What to do:
Of the entries below, repeat exactly only those lines from the one containing "Cuentas de madera amarillo 10mm x 25 un." through the last line, with pictures omitted.

(Stored entries)
*** Block opens ***

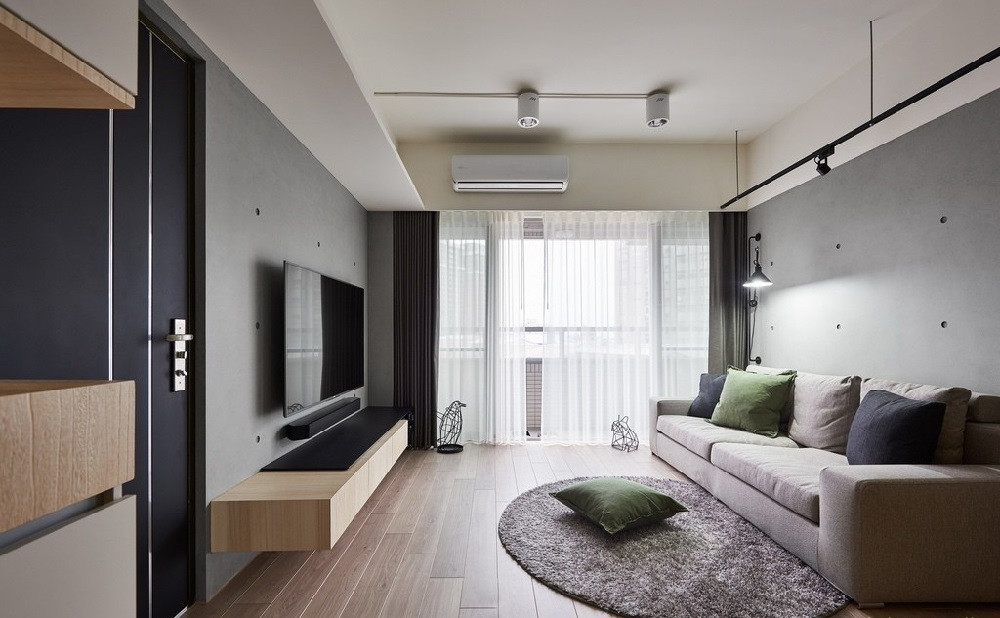 客廳空間,背墻是新作的墻面表面使用清水模涂料。
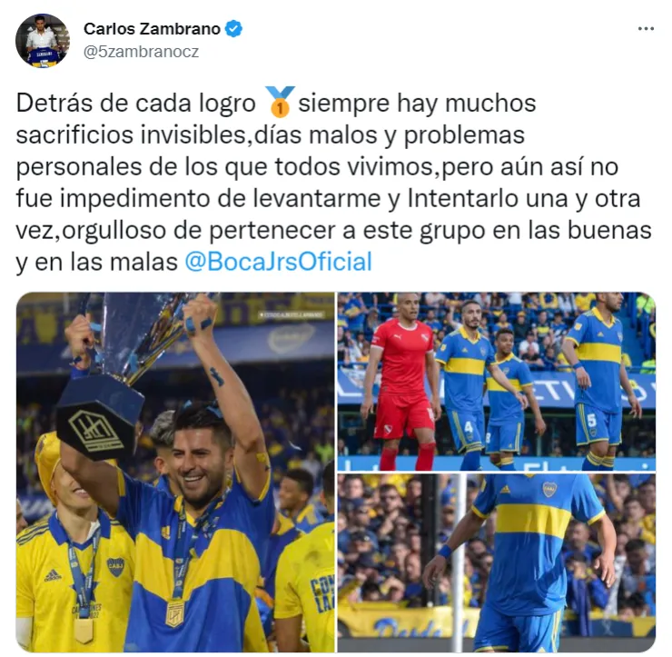 Tras el épico título logrado este último domingo, Boca Juniors ya quedó enfocado en sumar un nuevo trofeo en sus vitrinas y el entrenador Hugo Ibarra dio a conocer la convocatoria para el duelo ante Patronato, en la cual figura Luis Advíncula, perono Carlos Zambrano, quien dejó un emotivo mensaje a sus seguidores en las redes sociales.
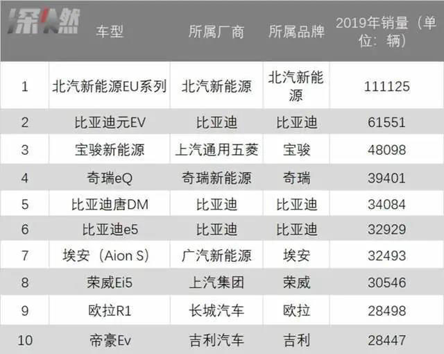 2019年,榜上有名的車型,如北汽EU系列、比亞迪e5、榮威Ei5、帝豪EV,到了2020年,銷量紛紛垮掉。2019年全年銷量(11萬輛)排名第一的北汽EU系列,在2020年掉出前十。
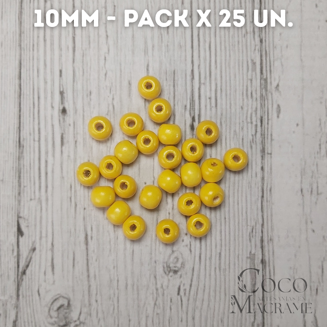 Cuentas de madera amarillo 10mm x 25 un.
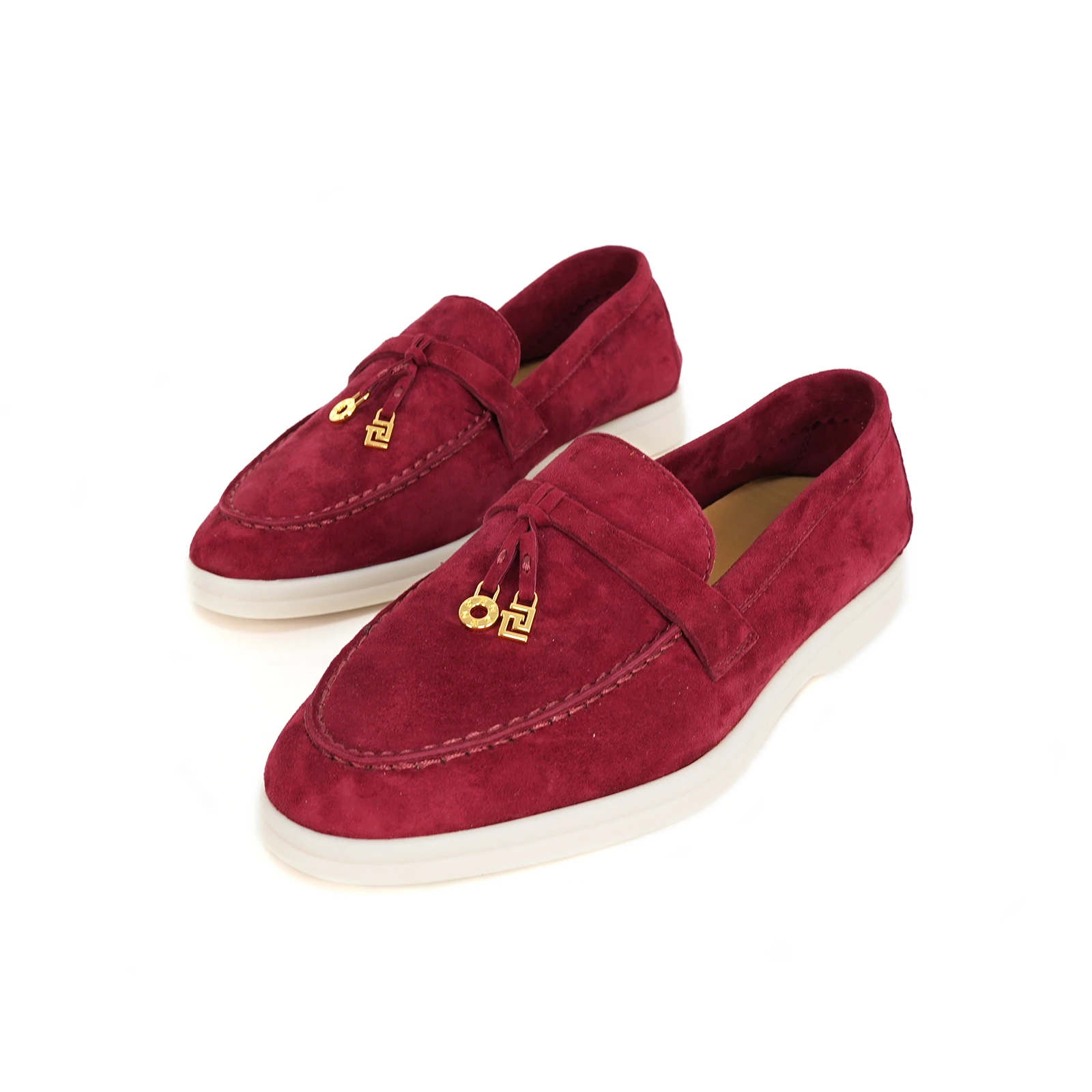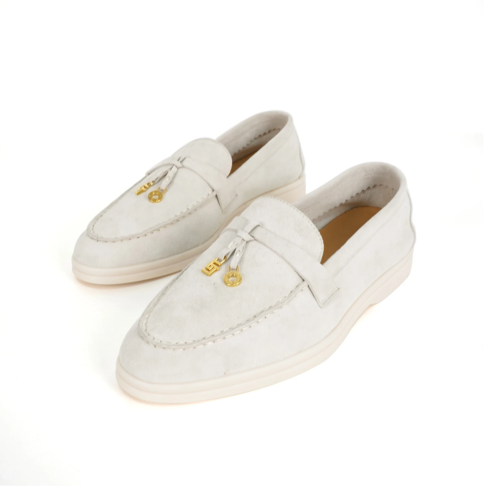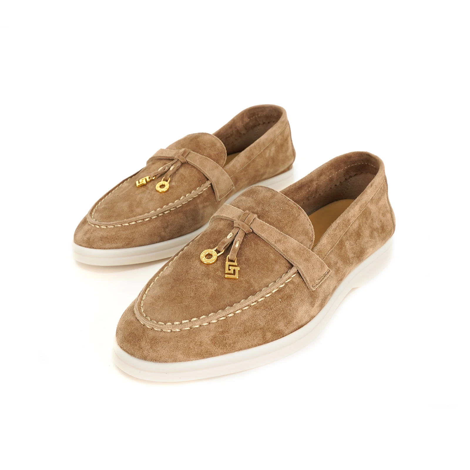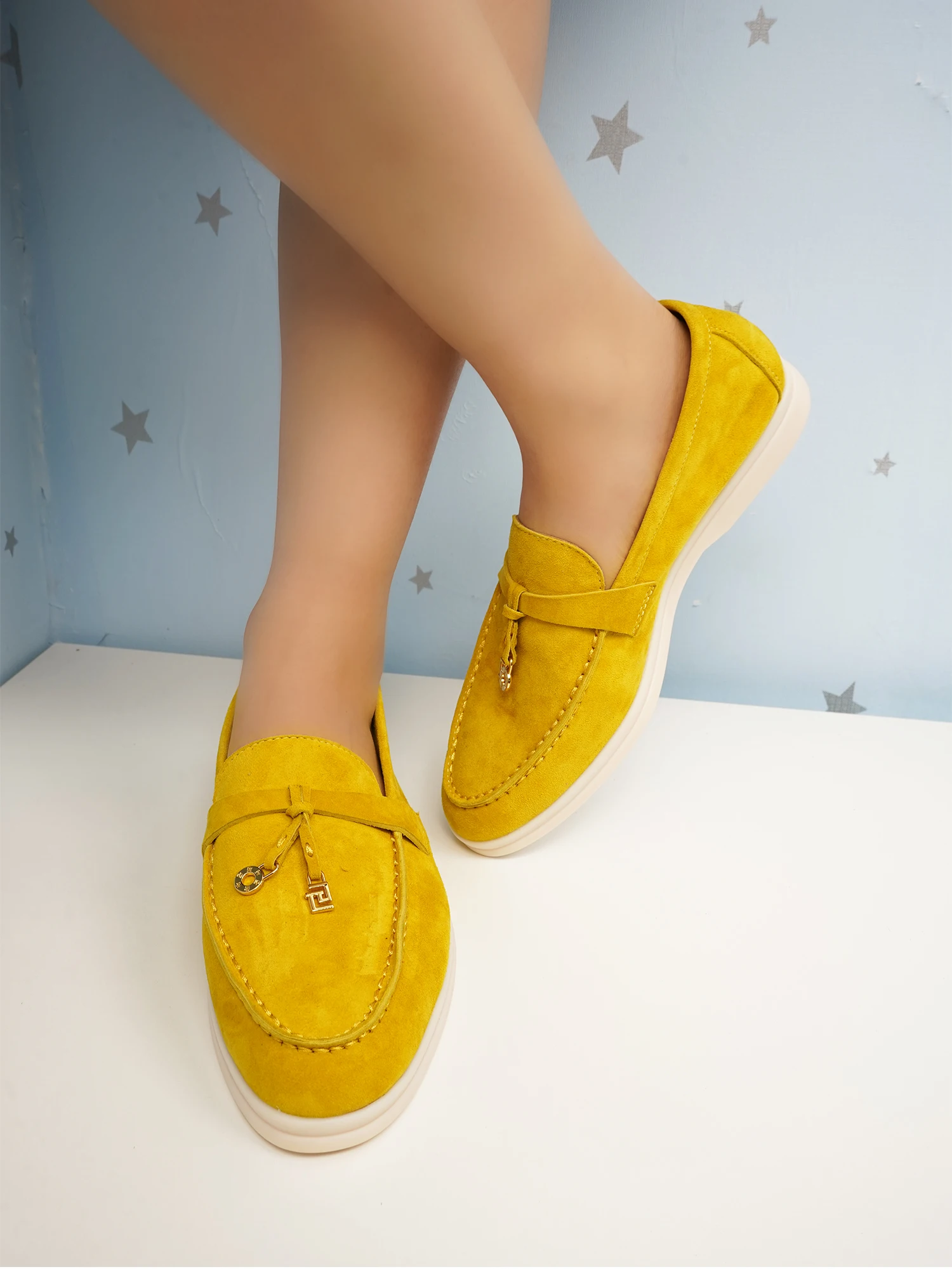 Sapatos de mula de camurça antiderrapante para mulheres, sapatos para dirigir, pingente de metal, marca de luxo, moda casual confortável, Le Fu

*** Block closes ***

Written answer:
 Cuentas de madera amarillo 10mm x 25 un.
 Sapatos de mula de camurça antiderrapante para mulheres, sapatos para dirigir, pingente de metal, marca de luxo, moda casual confortável, Le Fu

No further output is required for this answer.